Estos dibujos se generan a partir de aquellas escrituras espontáneas, que aparecen en los papeles cotidianos que habitualmente descartamos: boletas, comprobantes, listas de compras, postales, apuntes, recetas médicas, etc. El tipo de escritura que traen: apurada, incompleta, codificada a veces, desprolija, anónima, desprejuiciada, involuntaria, dubitativa, … es la base de mis dibujos.
Trabajo sometiendo el material a operaciones sistemáticas sin prefigurar el resultado, vectorizando la escritura buscando producir un extrañamiento entre significante y significado.
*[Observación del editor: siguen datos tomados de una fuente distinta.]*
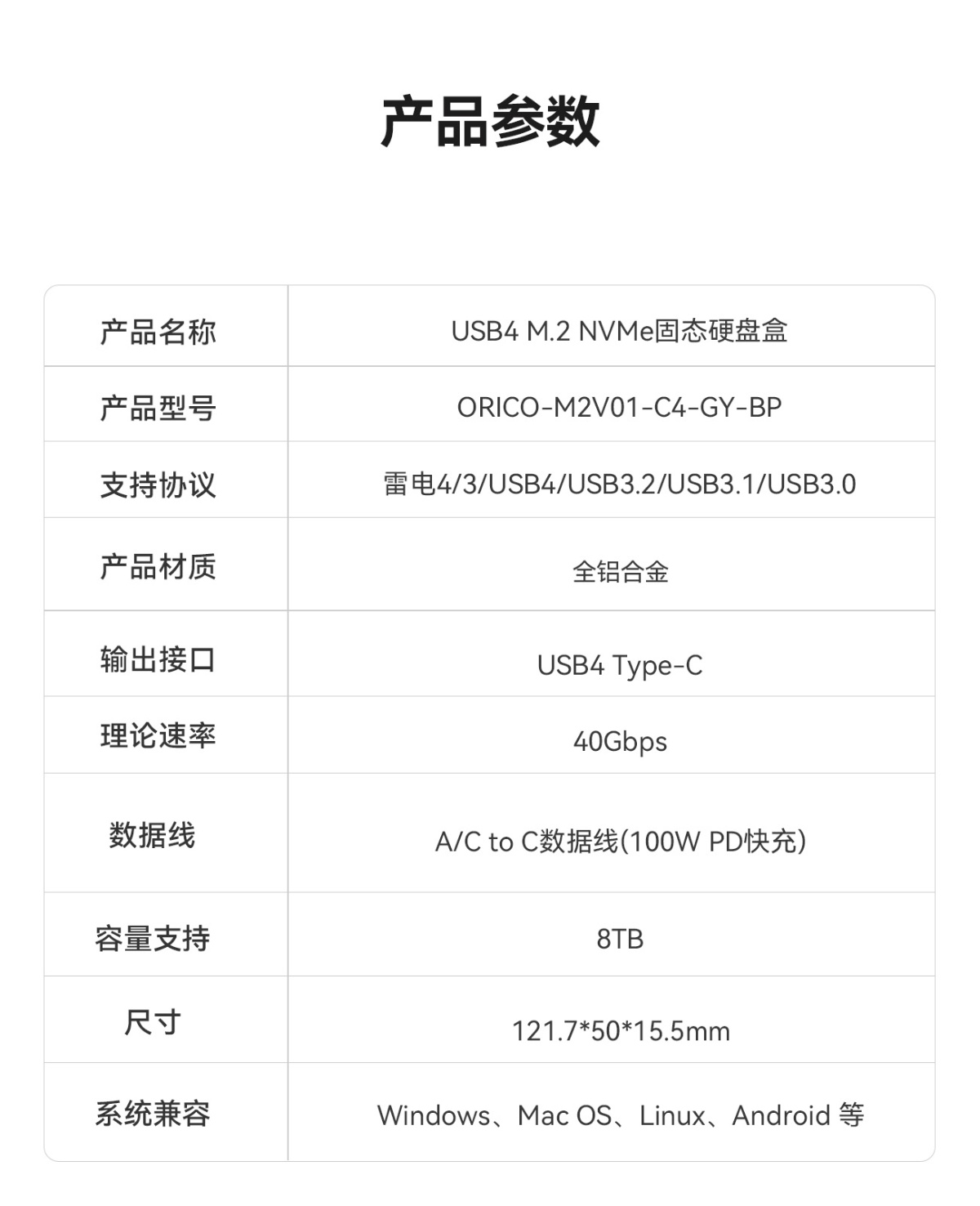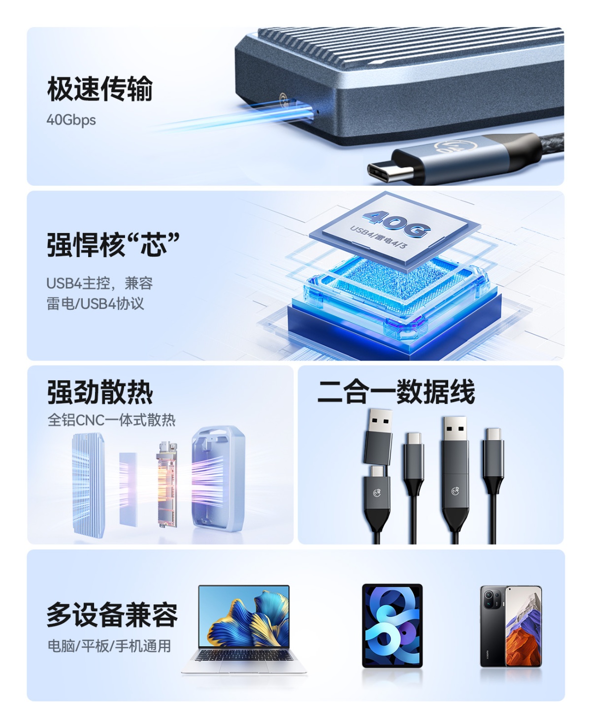 USB4.0,NVMe SSD硬盤盒,M.2硬盤盒,Type-c, 40Gbps傳輸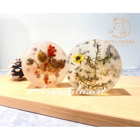 在晶透的手工皂裡,金箔閃爍、乾燥花點綴、精油調香,每一塊都是獨一無二的藝術作品。完成後的手工皂,不只可用於 日常清潔,也可作為 桌面擺飾或高質感禮品,讓生活每一天都增添 藝術感與香...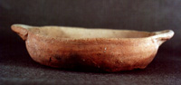 Plato de superficie burda, paredes curvo divergentes, borde de labio redondeado y base plana. Dos agarraderas en el borde, con impresión dactilar al centro pero sin perforarlas.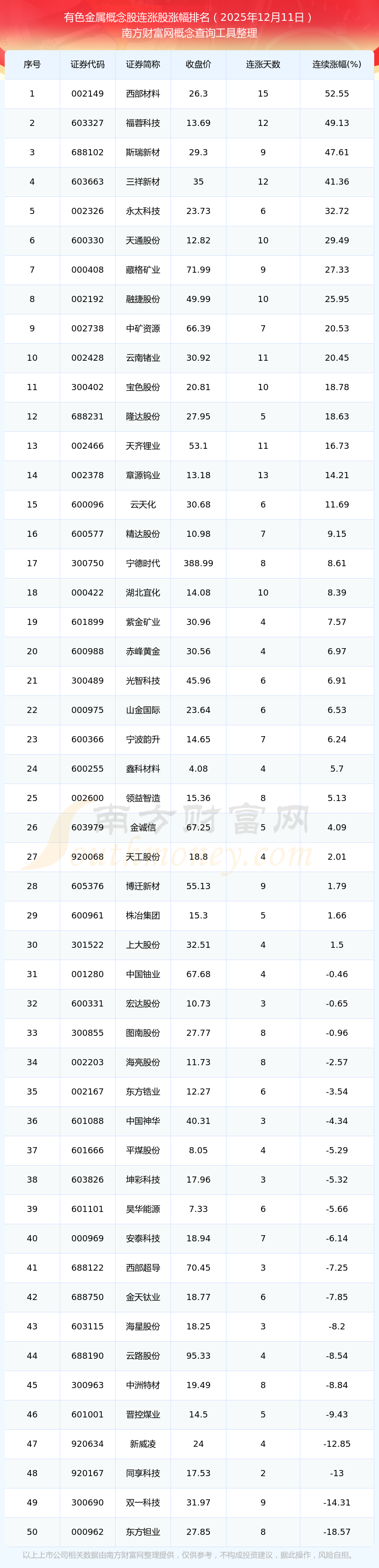 根据南方财富网概念查询工具数据统计,截止2025年12月11日收盘,有色金属概念股共有50只个股实现连涨。其中连续涨幅较大的个股有西部材料、福蓉科技、斯瑞新材等,连续涨幅分别为52.55%、49.13%、47.61%。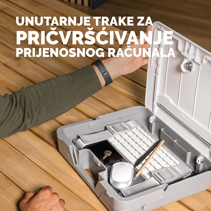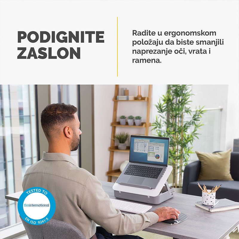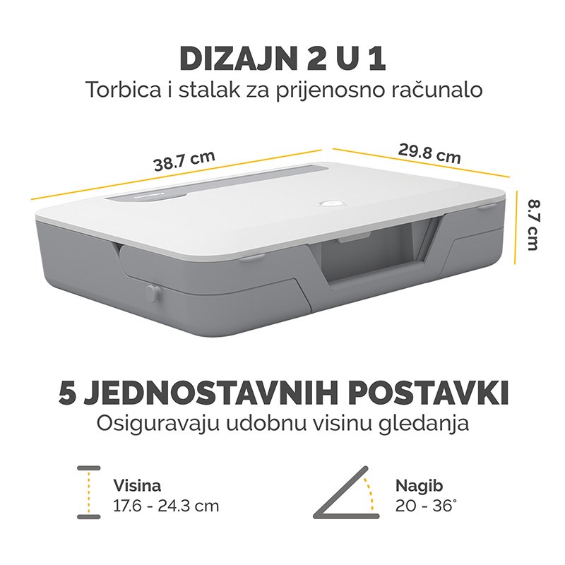 Kutija se slaže u stalak za laptop te nudi 5 visina prilagodbe za veću ergonomsku udobnost gdje god da ste.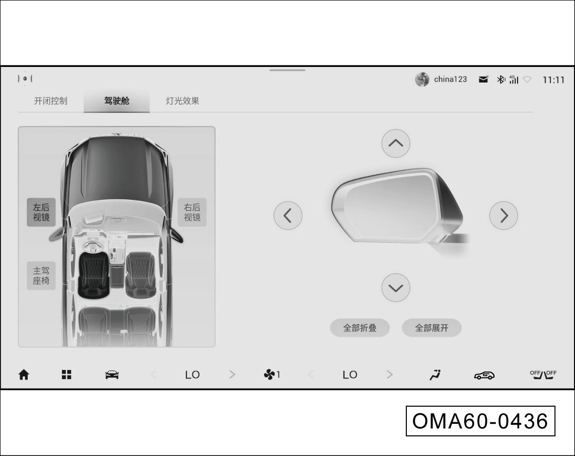 在音响系统显示屏上,通过“我的车→驾驶舱→左后视镜/右后视镜”界面,点击“全部折叠”、“全部展开”软按键控制外后视镜折叠或展开。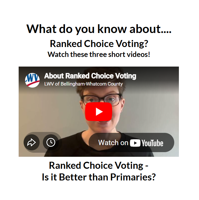 Civics Education page for links to a set of 1- to 2-minute educational videos that Carolyn Stewart, our Communications Specialist, has also been posting on our League’s social media platforms. These videos are charmingly read by Siri Hiltz, using scripts resulting from a collaboration among Civics Education committee members Minda Rae Amiran and Annette Holcomb, communication specialists Robin Barker and Carolyn, as well as Eileen McCracken and Siri.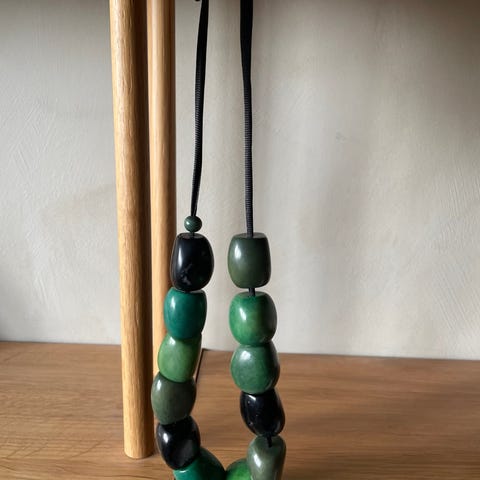 1 spesielt, annerledes og flott halskjede.L.49 cm, lærsnor, 2 stk á 75 cm, 90 g.

Así genero las bases que luego utilizo para dibujar a mano, también de forma sistemática: trazo, borro, copio, tacho, … todas operaciones asociadas a la idea escribir.
Este circuito que va de la escritura de alguien desconocido, pasa por lo digital y vuelve a mi dibujo, revela algo oculto que excede lo que originalmente se quiso comunicar con la confianza de que, de alguna forma, ese dibujo está inscripto en la letra. Se trata de investigar de qué forma la escritura se convierte en dibujo, a partir de ciertas operaciones sistemáticas. Lo que surge no es entonces voluntario, sino que se encuentra a partir de las operaciones (digitales y manuales) a las que se somete a la escritura. Es el mecanismo el que revela el dibujo.